##### ENTRIES SUPPLIED
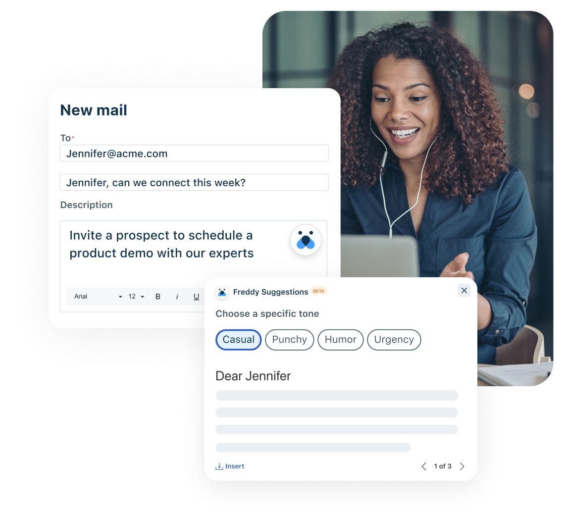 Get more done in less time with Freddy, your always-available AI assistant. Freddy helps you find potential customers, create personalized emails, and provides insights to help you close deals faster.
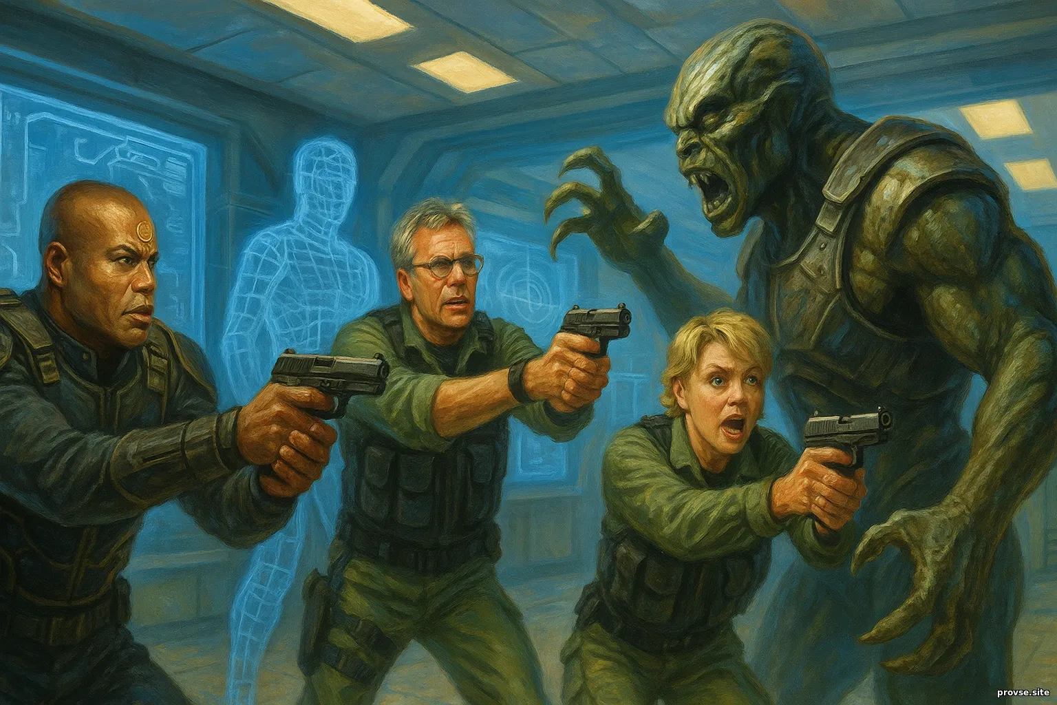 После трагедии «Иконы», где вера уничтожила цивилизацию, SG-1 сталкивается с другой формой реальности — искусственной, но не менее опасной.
##########
##### ENTRIES SUPPLIED
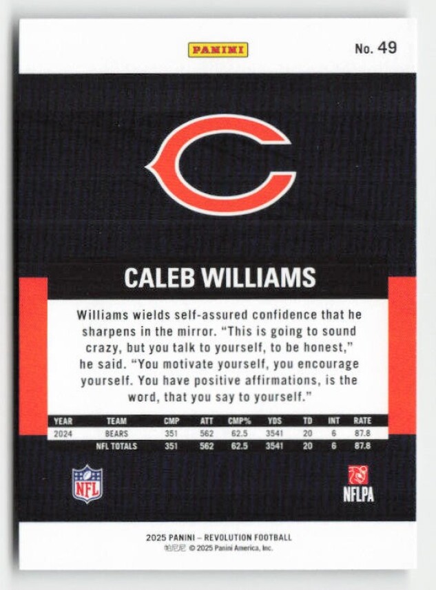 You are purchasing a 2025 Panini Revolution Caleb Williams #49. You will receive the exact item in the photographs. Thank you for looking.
##########
- [EXERCISE DETAILS] Above, find the line with "Get more done"; copy it and every line down to the line with "не менее опасной.", exactly and both included, but no pictures.

- [TASK RESPONSE]
 Get more done in less time with Freddy, your always-available AI assistant. Freddy helps you find potential customers, create personalized emails, and provides insights to help you close deals faster.
 После трагедии «Иконы», где вера уничтожила цивилизацию, SG-1 сталкивается с другой формой реальности — искусственной, но не менее опасной.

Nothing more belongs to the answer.